**About this task:** Restate word for word the lines from the one bearing "Tento krásně zpracovaný" through the end of the entries below, and leave every picture out.

[Data provided — start]

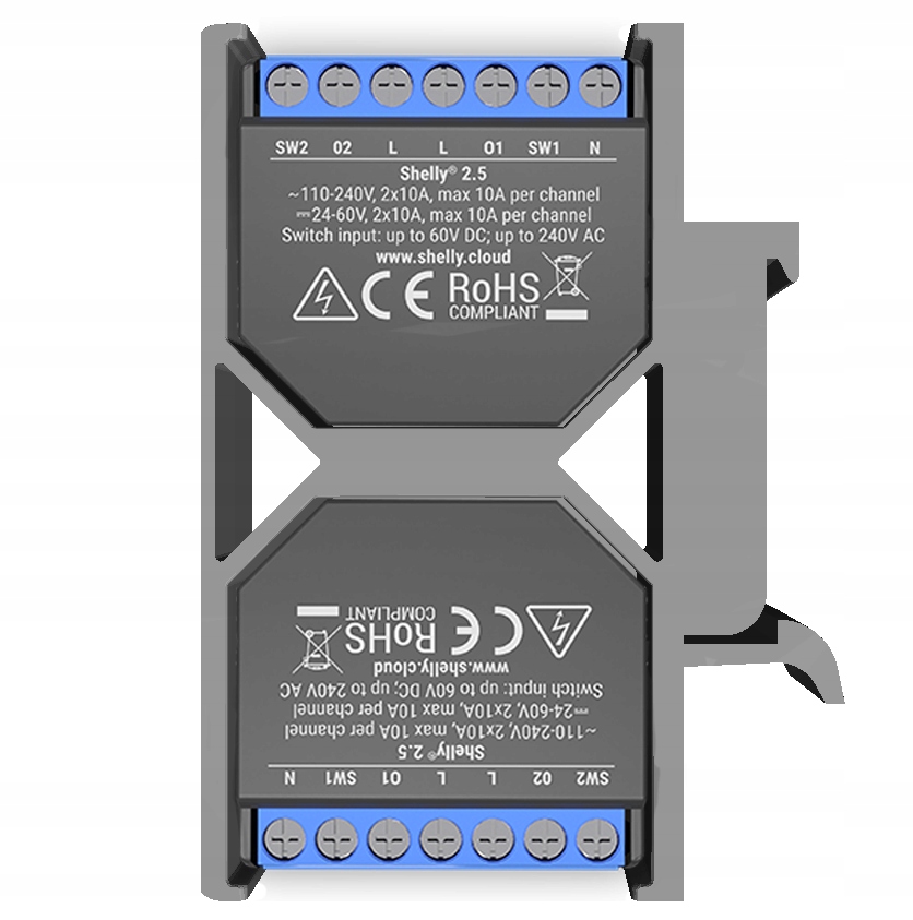 Uchwyt na szynę DIN do 2szt SHELLY 2.5 Solidny
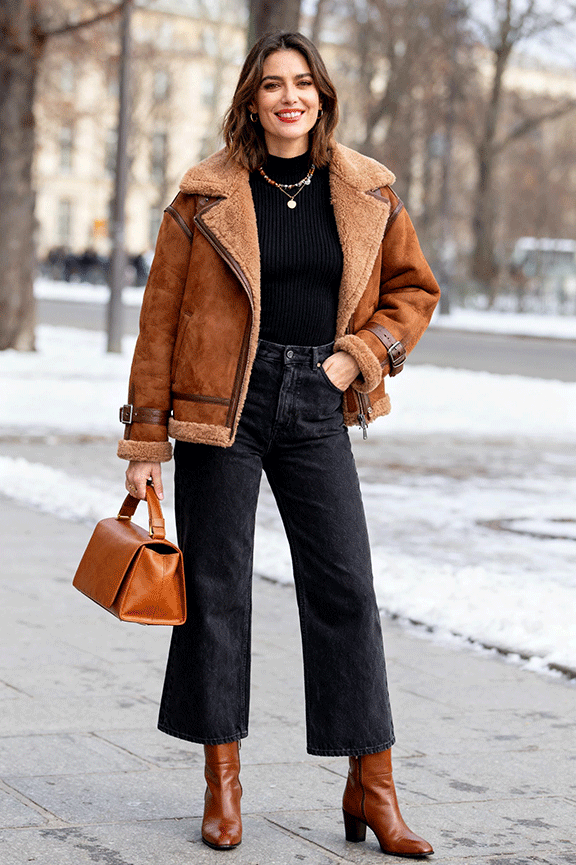 A brown shearling jacket offers instant texture and warmth. Layer a fitted black knit underneath for contrast. Pair with dark straight-leg jeans to balance proportions. Add brown leather ankle boots and a structured bag in caramel. Ideal for outdoor winter walks or casual weekend plans.
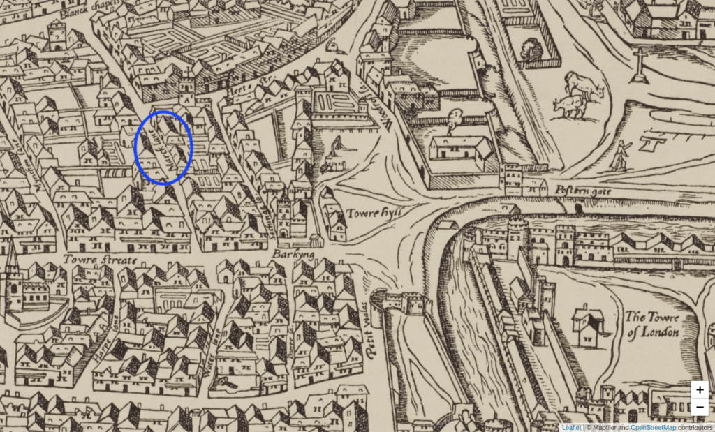 Everything I now know about Mary Fillis comes from Miranda Kaufmann’s book Black Tudors – a really fascinating and thorough exploration of Black people in Tudor England (a period from the end of the fifteenth century to the very beginning of the seventeenth). Mary Fillis was born in Morocco in 1577. Her mother is known only as Fillis of Morisco (meaning Morocco), who was a basket weaver and shovel maker. Mary Fillis left Morocco at a very young age, only about 6 years old. We don’t know the circumstances under which she left her home and her family behind her, but by around 1583/84, she was living in central London, on Mark Lane, near the Tower of London, as a servant in the household of merchant John Barker.
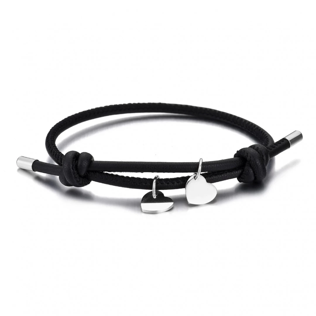 Tento krásně zpracovaný černý náramek je vyrobený z kvalitní systetické kůže a je doplněný dvěma nerezovými přívěsky ve tvaru srdíček s vysoceleštěným povrchem.
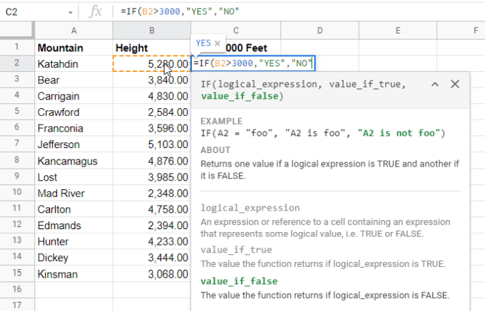 This IF statement means if the height of the mountain in cell B2 is greater than 3000, then display YES in cell C2, otherwise display NO.
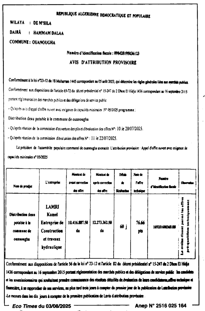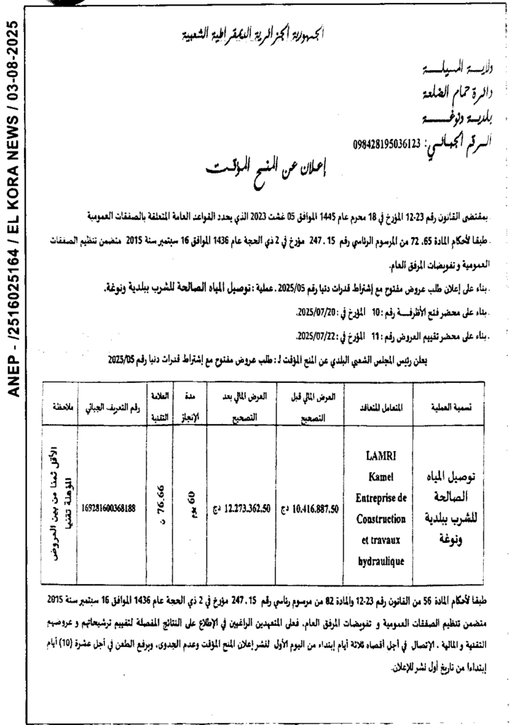 إعلان عن المنح المؤقت توصيل المياه الصالحة للشرب/ بلدية ونوغة

[Data provided — finish]

**Answer section:**
 Tento krásně zpracovaný černý náramek je vyrobený z kvalitní systetické kůže a je doplněný dvěma nerezovými přívěsky ve tvaru srdíček s vysoceleštěným povrchem.
 This IF statement means if the height of the mountain in cell B2 is greater than 3000, then display YES in cell C2, otherwise display NO.
 إعلان عن المنح المؤقت توصيل المياه الصالحة للشرب/ بلدية ونوغة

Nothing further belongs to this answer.